The Pope arrives in Edinburgh tomorrow before he travels on to Glasgow, London and Birmingham.
In the first state visit by a Pope to Britain, he will meet the Queen and Prime Minister David Cameron during his stay.
Tens of thousands of people are expected to attend several scheduled public events, culminating in a beatification ceremony for Cardinal John Henry Newman on Sunday.
The visit has attracted criticism not only by Catholic child abuse victims but also several other groups, including gay rights organisations.
And a number of high profile critics argued today that the Pope should not be given the honour of a state visit.
In a letter to The Guardian, Stephen Fry, Professor Richard Dawkins, Terry Pratchett, Philip Pullman, Ed Byrne, Ken Follett, Professor AC Grayling, Claire Rayner and almost 50 others objected to a number of Papal policies.

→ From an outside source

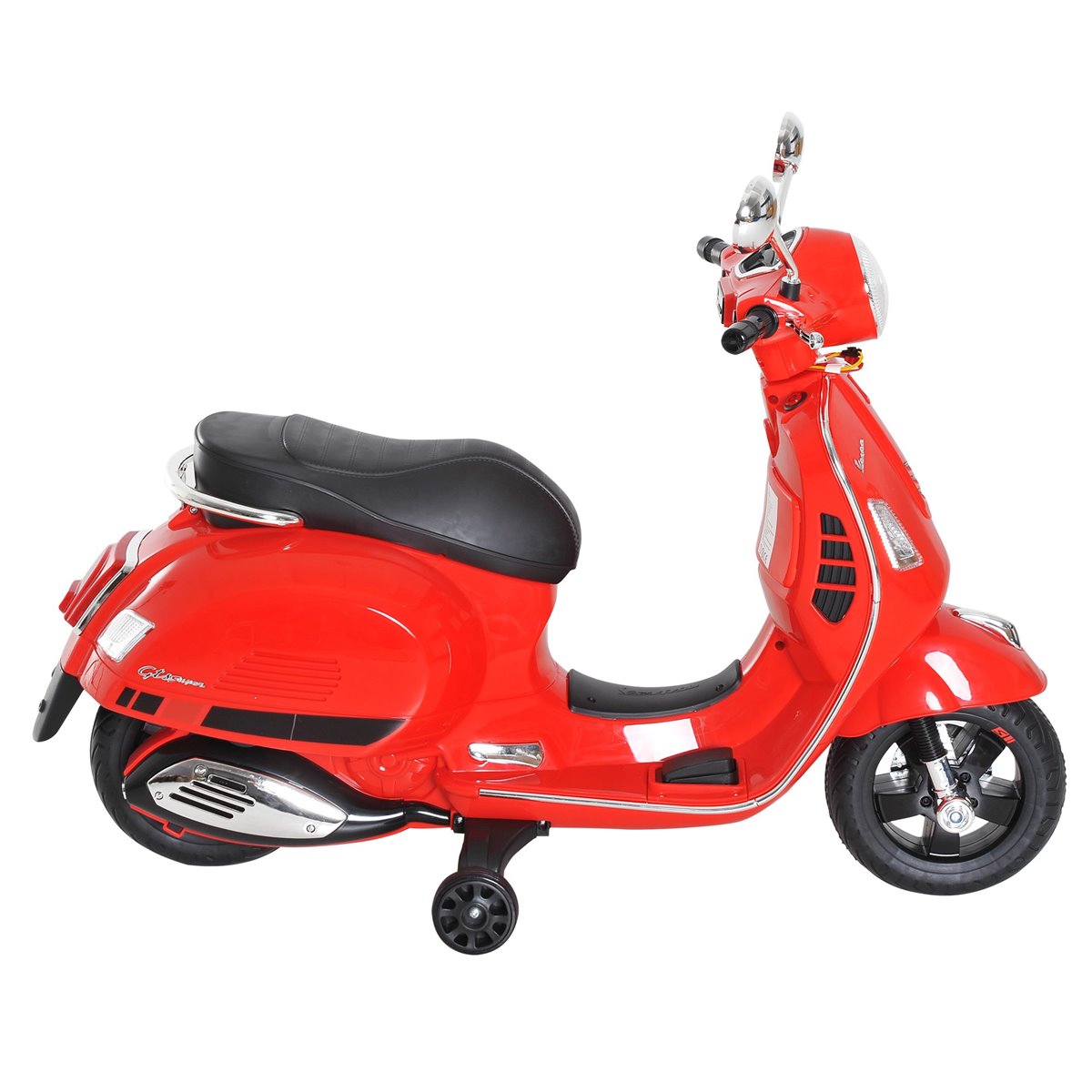 - SEGURA E ESTÁVEL: A trotinete com design Vespa é adequada para crianças com mais de 3 anos e com um peso máximo de 25 kg. Equipada com 2 rodas grandes e 2 rodas auxiliares pequenas, que oferecem uma grande estabilidade. - PEDAL ACELERADOR: funciona como uma verdadeira mota com um pedal acelerador e uma velocidade máxima de 3 km/h. - TEMPO DE CARGA: 8-12 horas para 45 minutos de utilização contínua. Possui um painel com luzes que indicam o estado da bateria. - MÚSICA INCORPORADA: possui altifalante e música para maior diversão e segurança. A sua entrada USB permite-lhe reproduzir a música que desejar em formato MP3. - MEDIDAS TOTAIS: 102x50,5x75,5 cm; Tamanho da roda: Ф23x7,5cm (LxPxA); Capacidade máxima de carga: 25 kg (Utilizar sob supervisão de um adulto)

These included: opposing the distribution of condoms; denying abortion to "even the most vulnerable women"; opposing equal rights for homosexuals and "failing to address" the child abuse problem.
They wrote: "We reject the masquerading of the Holy See as a state and the Pope as a head of state as merely a convenient fiction to amplify the international influence of the Vatican."
The Pope will visit London on Friday and Saturday, when he will meet Archbishop of Canterbury Rowan Williams and the Prime Minister, and host a prayer vigil in Hyde Park.